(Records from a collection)
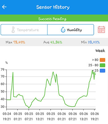 In de grafiek van de luchtvochtigheid zien we dat de Arctic Air bijna geen effect heeft op de luchtvochtigheid wanneer de CMH kweeklamp aan staat. Zodra hij uit gaat schiet de luchtvochtigheid omhoog en dat is precies wat ik wil. Ik ga verder met dit leuke apparaatje.
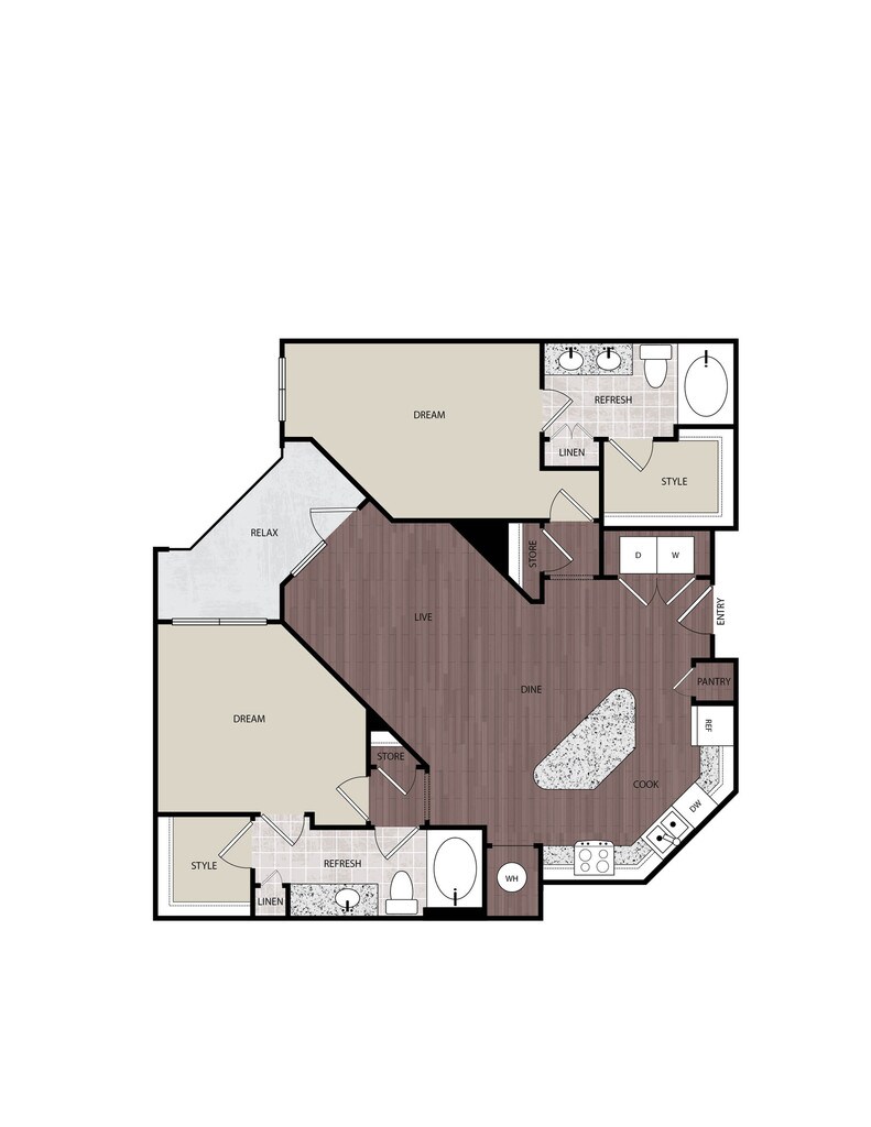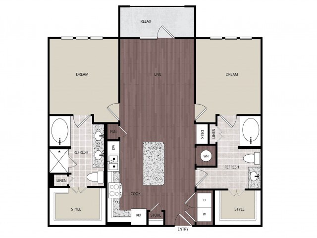 Modelo de apartamento: A5Desde $1,5931 Dormitorio, 1 Baño, 937-950 sq ftDisponible December 8, 2025![]()
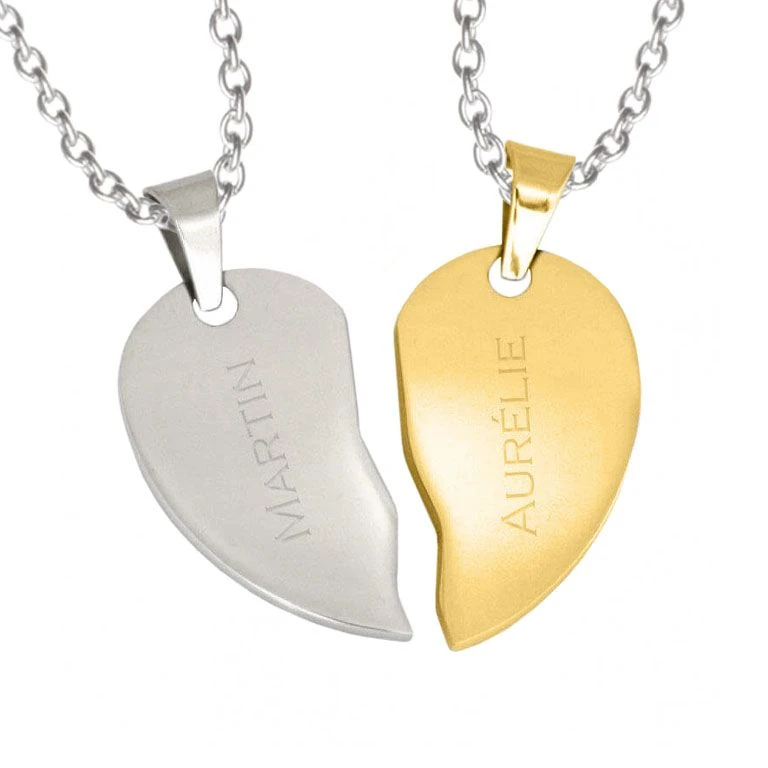 Romantique pendentif cĹ“ur sĂ©cable en acier inoxydable. Il est composĂ© d’une partie gauche argentĂ©e et d’une partie droite dorĂ©e gravable recto/verso. Le cĂ´tĂ© face est poli et l’arrière est mat. Les deux moitiĂ©s forment un joli cĹ“ur. C’est un cadeau unique pour tous les amoureux. Une chaine assortie est disponible en option. Gravure diamant.
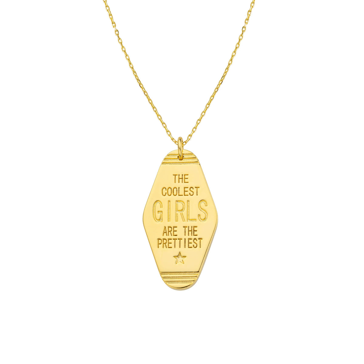 Le collier COOLEST HOTEL de MYA—BAY s’inspire des anciens porte-clés d’hôtels américains, ces objets iconiques chargés de souvenirs et d’attitude. Son pendentif affiche fièrement la gravure “The coolest girls are the prettiest”, un message fort et assumé, à porter comme un mantra. Monté sur une chaîne élégante, ce collier apporte une touche cool et lifestyle à tous les looks.
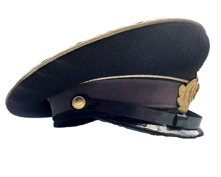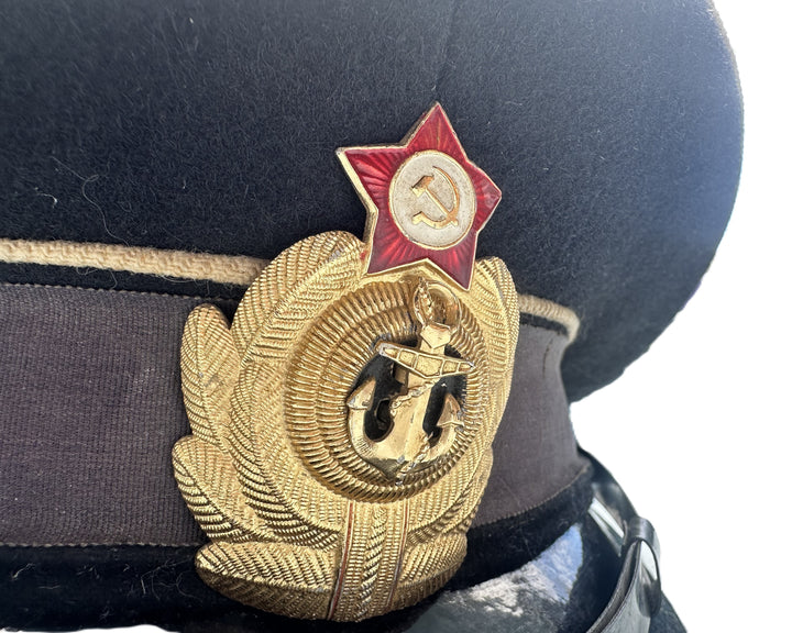 This authentic Soviet Navy Admiral visor cap dates back to the Cold War era, symbolizing the highest ranks within the Soviet naval forces. The cap is adorned with the classic Soviet red star, featuring the hammer and sickle emblem, representing the Communist regime. Below the star sits a gold embroidered anchor, surrounded by golden leaves, signifying naval command and authority. The black wool top and band are bordered by golden piping, with a synthetic leather chinstrap completing the look. The visor is constructed from black lacquered leather, showing some natural wear consistent with age.
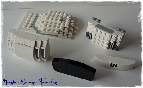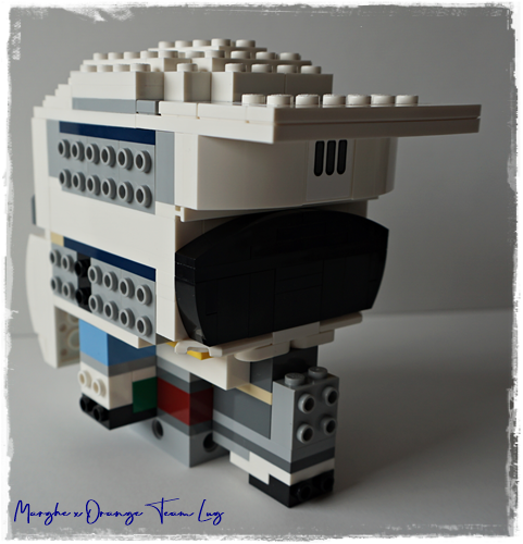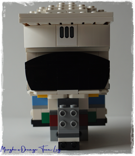Molto interessante la costruzione della visiera: costruita utilizzando gli slope curved che le danno la sagomatura, è leggermente più spigolosa rispetto all'originale, ma penso non sia stato facile replicare la curvatura necessaria su un pezzo comunque piccolo.
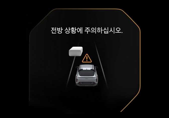 전방 상황 주의 알림이 발생하면 새롭게 나타난 전방의 차량이나 물체와 충돌할 수 있습니다. 전방 도로 상황 및 주행 상태를 확인하고 필요하면 브레이크 페달을 밟아 직접 속도를 조절하십시오.
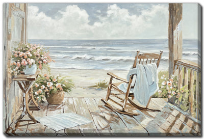 A cozy wooden porch overlooking the ocean, complete with a rocking chair and flowering plants, brings a homey, nostalgic feeling. Ideal for country, cottage, or beach-style decor, it invites thoughts of relaxation and simpler times.Product Dimensions: Depth: 1.5", Height: 30", Width: 45",
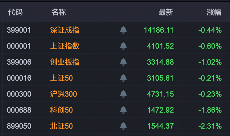今日早盘,A股低开震荡调整,上证指数下试4100点支撑,科创50开盘跌破1500点,深证成指、北证50、创业板指也有所下跌。下跌个股远多于上涨个股,市场成交呈现大幅萎缩的趋势。
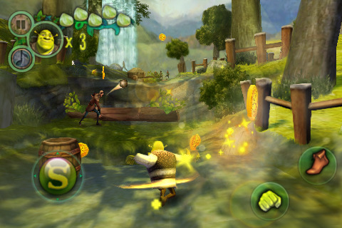In dem 3D-Abenteuer Shrek Forever After schlüpft ihr selbst in die Rolle des grünen Kinohelden und müsst elf verschiedene und spannende Level hinter euch bringen, die voller Gefahren stecken. In der 3D-Umgebung könnt ihr alternativ auch zwei andere Figuren steuern.
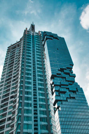 underside panoramic and perspective view to steel blue glass high rise building skyscrapers, business concept of successful industrial architecture
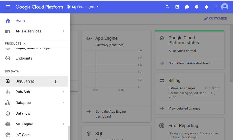 To execute the queries shown in the chapter open the BigQuery Console from the main menu as shown in the screenshot below. Click on the Compose Query button in the BigQuery Console to type the queries and execute it. More details about the BigQuery Console is explained in the beginning of the next chapter.
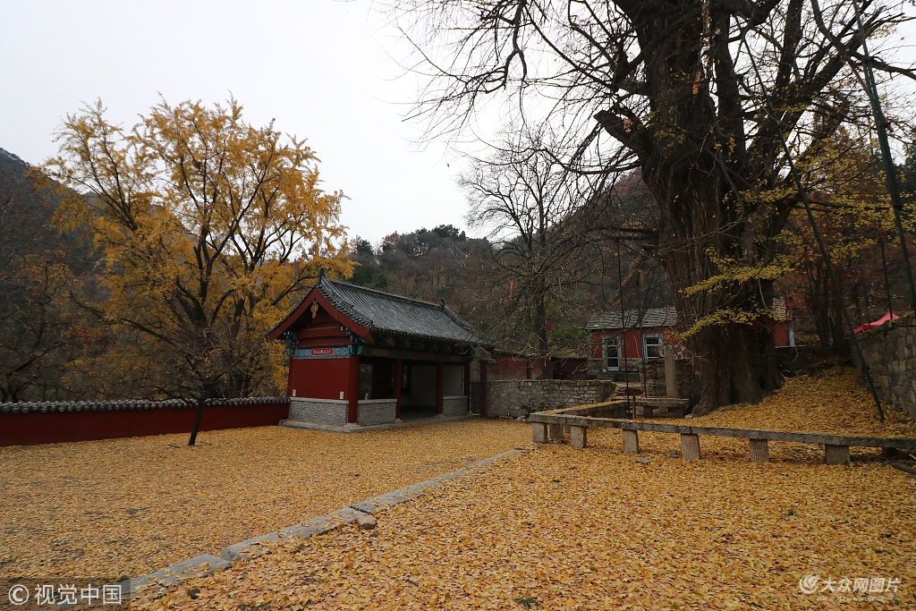 2018年11月16日,山東泰安,在泰山玉泉寺,數(shù)棵千年銀杏樹,樹下落滿黃葉,像金黃的地毯鋪了一地,美不勝收,宛如金黃色的童話世界。圖片作者:劉培俊/視覺中國
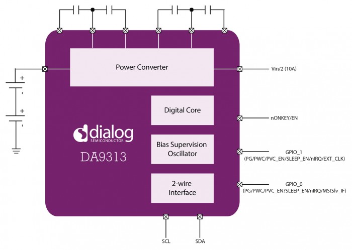 该DA9313集成业界首款无电感10A电源转换器,用于高达20A的输出电流最好的一流的效率,并提供主/从操作。高电流,在98%以上难以置信效率电感器 - 更少的功率转换器,在不到10平方毫米包大于50W供电更大。
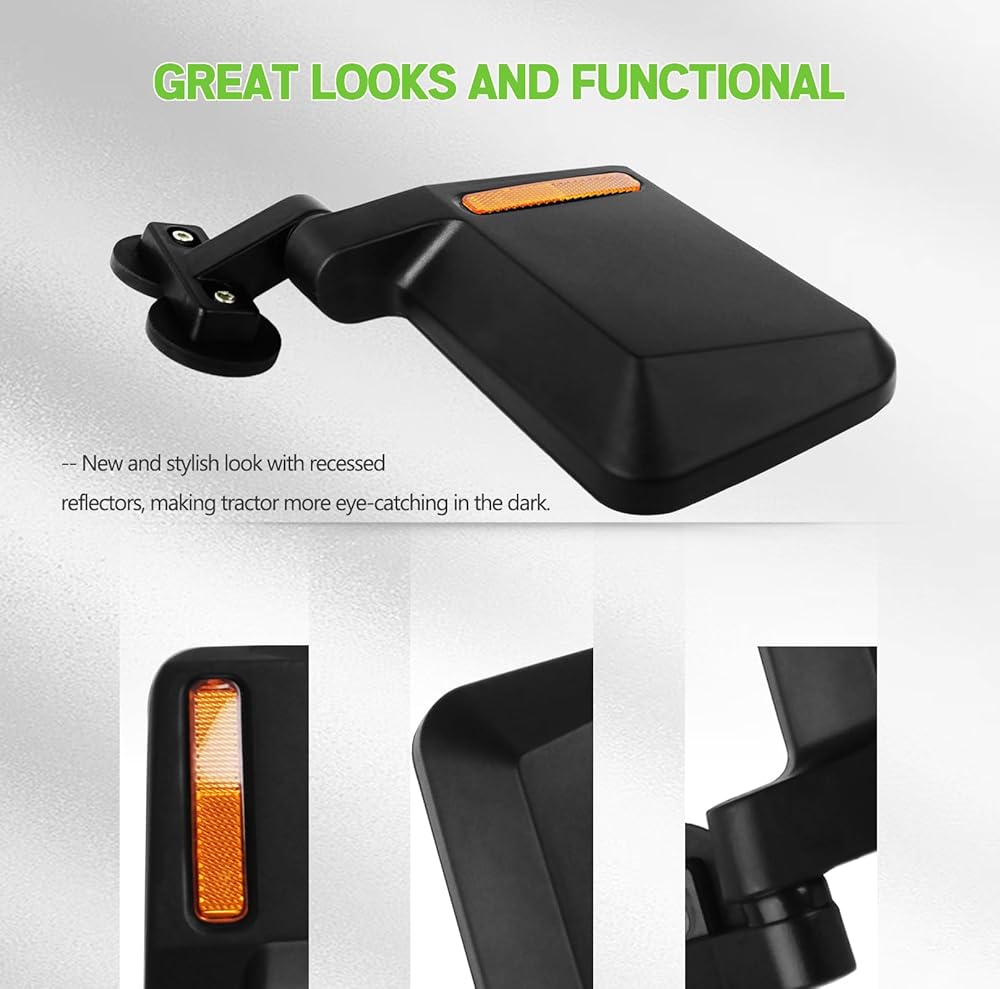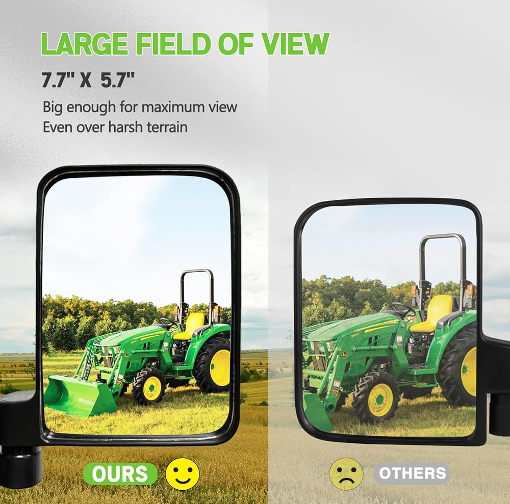 مجال رؤية كبير - أبعاد المرآة هي 5.7 بوصة عرض × 7.7 بوصة طول، مع تصميم أنيق وأنيق يبدو رائعًا على جميع الجرارات، وكبيرة بما يكفي لتحقيق أقصى قدر من الرؤية، حتى على التضاريس القاسية.

> _Your goal_: Skipping the pictures, transcribe each line above exactly as it appears.

> _Written response_:
 In de grafiek van de luchtvochtigheid zien we dat de Arctic Air bijna geen effect heeft op de luchtvochtigheid wanneer de CMH kweeklamp aan staat. Zodra hij uit gaat schiet de luchtvochtigheid omhoog en dat is precies wat ik wil. Ik ga verder met dit leuke apparaatje.
 Modelo de apartamento: A5Desde $1,5931 Dormitorio, 1 Baño, 937-950 sq ftDisponible December 8, 2025![]()
 Romantique pendentif cĹ“ur sĂ©cable en acier inoxydable. Il est composĂ© d’une partie gauche argentĂ©e et d’une partie droite dorĂ©e gravable recto/verso. Le cĂ´tĂ© face est poli et l’arrière est mat. Les deux moitiĂ©s forment un joli cĹ“ur. C’est un cadeau unique pour tous les amoureux. Une chaine assortie est disponible en option. Gravure diamant.
 Le collier COOLEST HOTEL de MYA—BAY s’inspire des anciens porte-clés d’hôtels américains, ces objets iconiques chargés de souvenirs et d’attitude. Son pendentif affiche fièrement la gravure “The coolest girls are the prettiest”, un message fort et assumé, à porter comme un mantra. Monté sur une chaîne élégante, ce collier apporte une touche cool et lifestyle à tous les looks.
 This authentic Soviet Navy Admiral visor cap dates back to the Cold War era, symbolizing the highest ranks within the Soviet naval forces. The cap is adorned with the classic Soviet red star, featuring the hammer and sickle emblem, representing the Communist regime. Below the star sits a gold embroidered anchor, surrounded by golden leaves, signifying naval command and authority. The black wool top and band are bordered by golden piping, with a synthetic leather chinstrap completing the look. The visor is constructed from black lacquered leather, showing some natural wear consistent with age.
Molto interessante la costruzione della visiera: costruita utilizzando gli slope curved che le danno la sagomatura, è leggermente più spigolosa rispetto all'originale, ma penso non sia stato facile replicare la curvatura necessaria su un pezzo comunque piccolo.
 전방 상황 주의 알림이 발생하면 새롭게 나타난 전방의 차량이나 물체와 충돌할 수 있습니다. 전방 도로 상황 및 주행 상태를 확인하고 필요하면 브레이크 페달을 밟아 직접 속도를 조절하십시오.
 A cozy wooden porch overlooking the ocean, complete with a rocking chair and flowering plants, brings a homey, nostalgic feeling. Ideal for country, cottage, or beach-style decor, it invites thoughts of relaxation and simpler times.Product Dimensions: Depth: 1.5", Height: 30", Width: 45",
今日早盘,A股低开震荡调整,上证指数下试4100点支撑,科创50开盘跌破1500点,深证成指、北证50、创业板指也有所下跌。下跌个股远多于上涨个股,市场成交呈现大幅萎缩的趋势。
In dem 3D-Abenteuer Shrek Forever After schlüpft ihr selbst in die Rolle des grünen Kinohelden und müsst elf verschiedene und spannende Level hinter euch bringen, die voller Gefahren stecken. In der 3D-Umgebung könnt ihr alternativ auch zwei andere Figuren steuern.
 underside panoramic and perspective view to steel blue glass high rise building skyscrapers, business concept of successful industrial architecture
 To execute the queries shown in the chapter open the BigQuery Console from the main menu as shown in the screenshot below. Click on the Compose Query button in the BigQuery Console to type the queries and execute it. More details about the BigQuery Console is explained in the beginning of the next chapter.
 2018年11月16日,山東泰安,在泰山玉泉寺,數(shù)棵千年銀杏樹,樹下落滿黃葉,像金黃的地毯鋪了一地,美不勝收,宛如金黃色的童話世界。圖片作者:劉培俊/視覺中國
 该DA9313集成业界首款无电感10A电源转换器,用于高达20A的输出电流最好的一流的效率,并提供主/从操作。高电流,在98%以上难以置信效率电感器 - 更少的功率转换器,在不到10平方毫米包大于50W供电更大。
 مجال رؤية كبير - أبعاد المرآة هي 5.7 بوصة عرض × 7.7 بوصة طول، مع تصميم أنيق وأنيق يبدو رائعًا على جميع الجرارات، وكبيرة بما يكفي لتحقيق أقصى قدر من الرؤية، حتى على التضاريس القاسية.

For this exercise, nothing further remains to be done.